## TASK DESCRIPTION
Using the listing below, copy exactly each line from the one that has "В списке объектов" through the one that has "實(shí)驗(yàn)室編"; omit the pictures.

━━ DATA EXTRACT

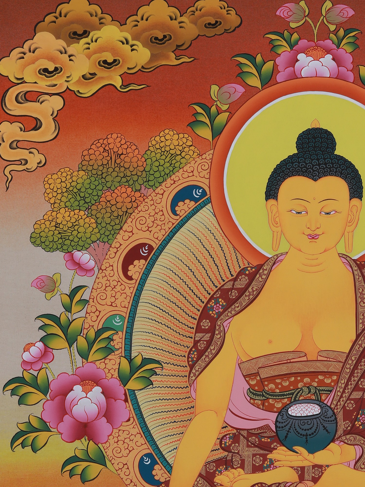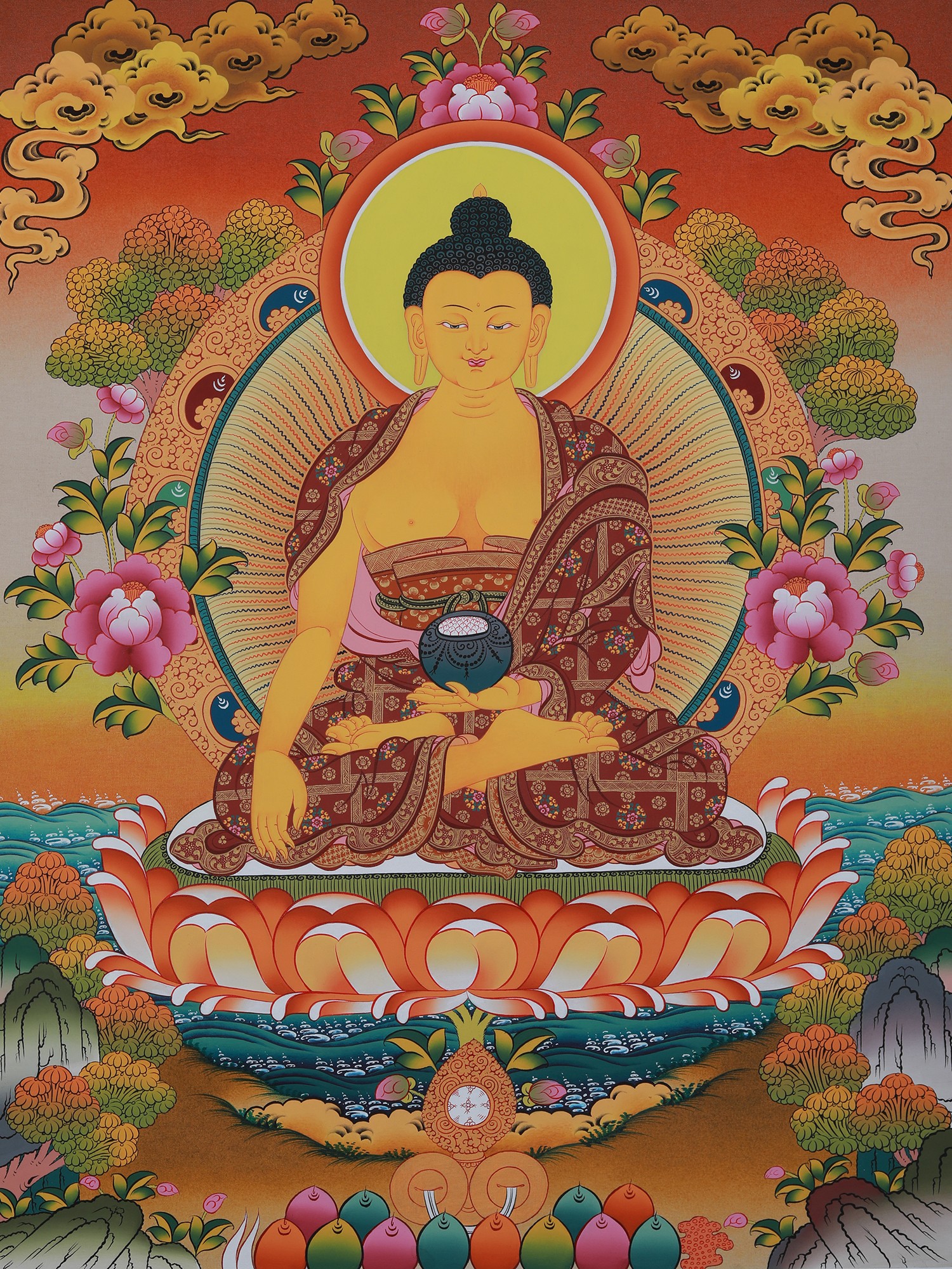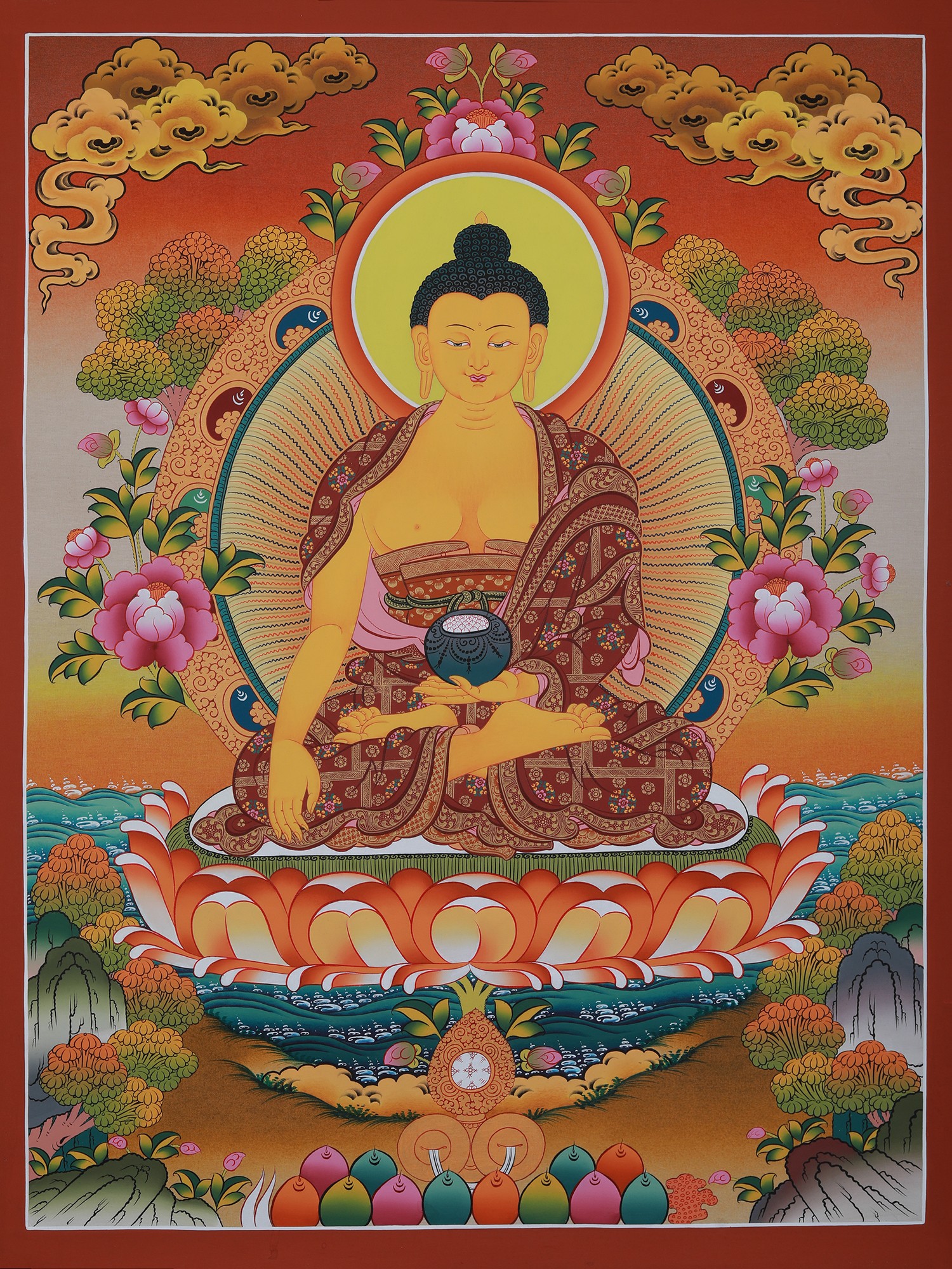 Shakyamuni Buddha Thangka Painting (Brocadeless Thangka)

━━━━
━━ DATA EXTRACT

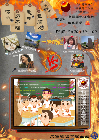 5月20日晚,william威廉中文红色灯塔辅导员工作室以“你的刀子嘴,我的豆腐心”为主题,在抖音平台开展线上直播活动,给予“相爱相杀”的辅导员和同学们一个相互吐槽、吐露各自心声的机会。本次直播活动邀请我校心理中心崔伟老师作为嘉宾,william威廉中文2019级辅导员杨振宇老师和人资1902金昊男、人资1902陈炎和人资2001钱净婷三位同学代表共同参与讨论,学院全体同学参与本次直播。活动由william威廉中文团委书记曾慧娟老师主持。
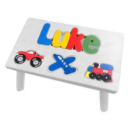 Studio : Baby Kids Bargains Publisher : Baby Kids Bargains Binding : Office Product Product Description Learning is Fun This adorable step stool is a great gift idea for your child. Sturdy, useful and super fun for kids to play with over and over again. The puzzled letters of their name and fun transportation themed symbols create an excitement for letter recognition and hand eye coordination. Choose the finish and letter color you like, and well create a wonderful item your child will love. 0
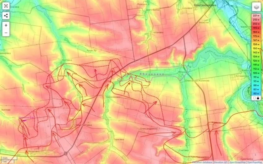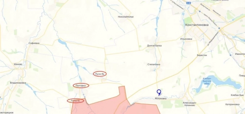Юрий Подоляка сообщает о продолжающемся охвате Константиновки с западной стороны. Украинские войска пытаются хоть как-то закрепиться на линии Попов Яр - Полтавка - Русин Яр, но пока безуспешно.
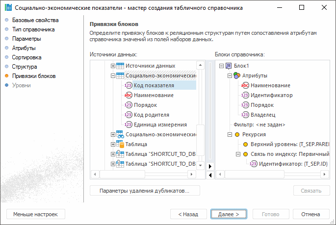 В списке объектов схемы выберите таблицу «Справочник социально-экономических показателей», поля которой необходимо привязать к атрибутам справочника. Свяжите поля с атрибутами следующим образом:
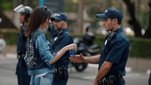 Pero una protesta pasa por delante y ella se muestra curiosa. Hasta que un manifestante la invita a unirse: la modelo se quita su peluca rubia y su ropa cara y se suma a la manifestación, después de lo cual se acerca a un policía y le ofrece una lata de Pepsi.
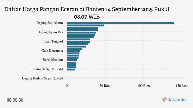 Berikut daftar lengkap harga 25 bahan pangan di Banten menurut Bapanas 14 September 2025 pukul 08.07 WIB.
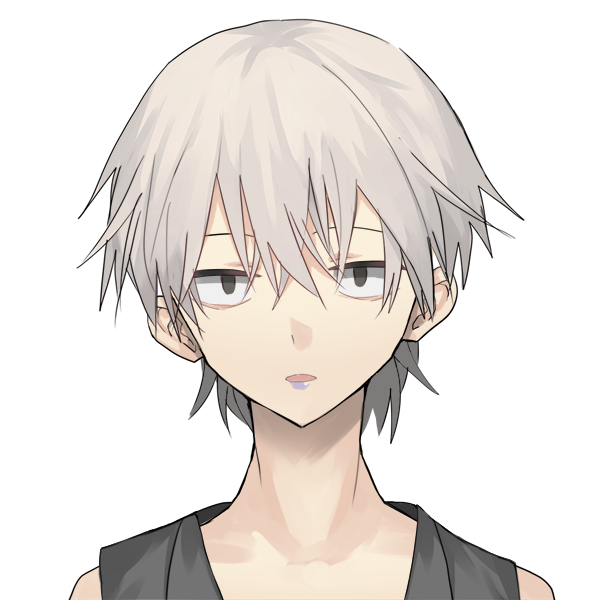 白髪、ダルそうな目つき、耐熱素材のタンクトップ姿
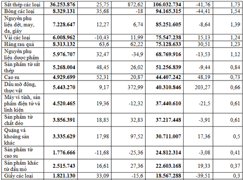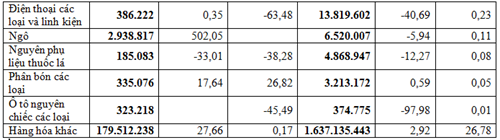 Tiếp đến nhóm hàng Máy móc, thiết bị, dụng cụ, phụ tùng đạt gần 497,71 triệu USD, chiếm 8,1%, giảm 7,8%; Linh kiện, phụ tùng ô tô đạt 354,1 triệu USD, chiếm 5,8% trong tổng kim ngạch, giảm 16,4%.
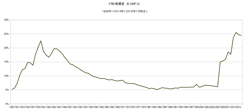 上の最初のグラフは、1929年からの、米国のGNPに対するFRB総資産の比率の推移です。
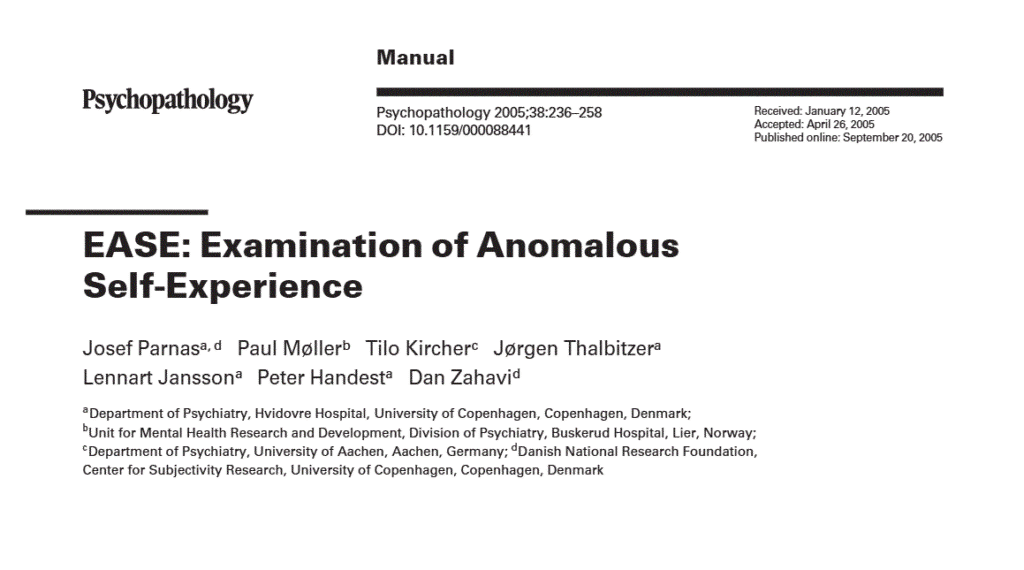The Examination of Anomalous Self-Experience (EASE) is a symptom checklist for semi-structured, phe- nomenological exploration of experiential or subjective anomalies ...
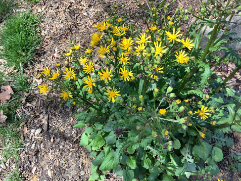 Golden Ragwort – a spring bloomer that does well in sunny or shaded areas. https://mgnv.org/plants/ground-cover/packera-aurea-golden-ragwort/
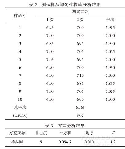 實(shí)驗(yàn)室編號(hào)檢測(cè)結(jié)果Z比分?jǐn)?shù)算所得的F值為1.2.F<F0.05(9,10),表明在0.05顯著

━━━━

## EXERCISE OUTPUT
 В списке объектов схемы выберите таблицу «Справочник социально-экономических показателей», поля которой необходимо привязать к атрибутам справочника. Свяжите поля с атрибутами следующим образом:
 Pero una protesta pasa por delante y ella se muestra curiosa. Hasta que un manifestante la invita a unirse: la modelo se quita su peluca rubia y su ropa cara y se suma a la manifestación, después de lo cual se acerca a un policía y le ofrece una lata de Pepsi.
 Berikut daftar lengkap harga 25 bahan pangan di Banten menurut Bapanas 14 September 2025 pukul 08.07 WIB.
 白髪、ダルそうな目つき、耐熱素材のタンクトップ姿
 Tiếp đến nhóm hàng Máy móc, thiết bị, dụng cụ, phụ tùng đạt gần 497,71 triệu USD, chiếm 8,1%, giảm 7,8%; Linh kiện, phụ tùng ô tô đạt 354,1 triệu USD, chiếm 5,8% trong tổng kim ngạch, giảm 16,4%.
 上の最初のグラフは、1929年からの、米国のGNPに対するFRB総資産の比率の推移です。
The Examination of Anomalous Self-Experience (EASE) is a symptom checklist for semi-structured, phe- nomenological exploration of experiential or subjective anomalies ...
 Golden Ragwort – a spring bloomer that does well in sunny or shaded areas. https://mgnv.org/plants/ground-cover/packera-aurea-golden-ragwort/
 實(shí)驗(yàn)室編號(hào)檢測(cè)結(jié)果Z比分?jǐn)?shù)算所得的F值為1.2.F<F0.05(9,10),表明在0.05顯著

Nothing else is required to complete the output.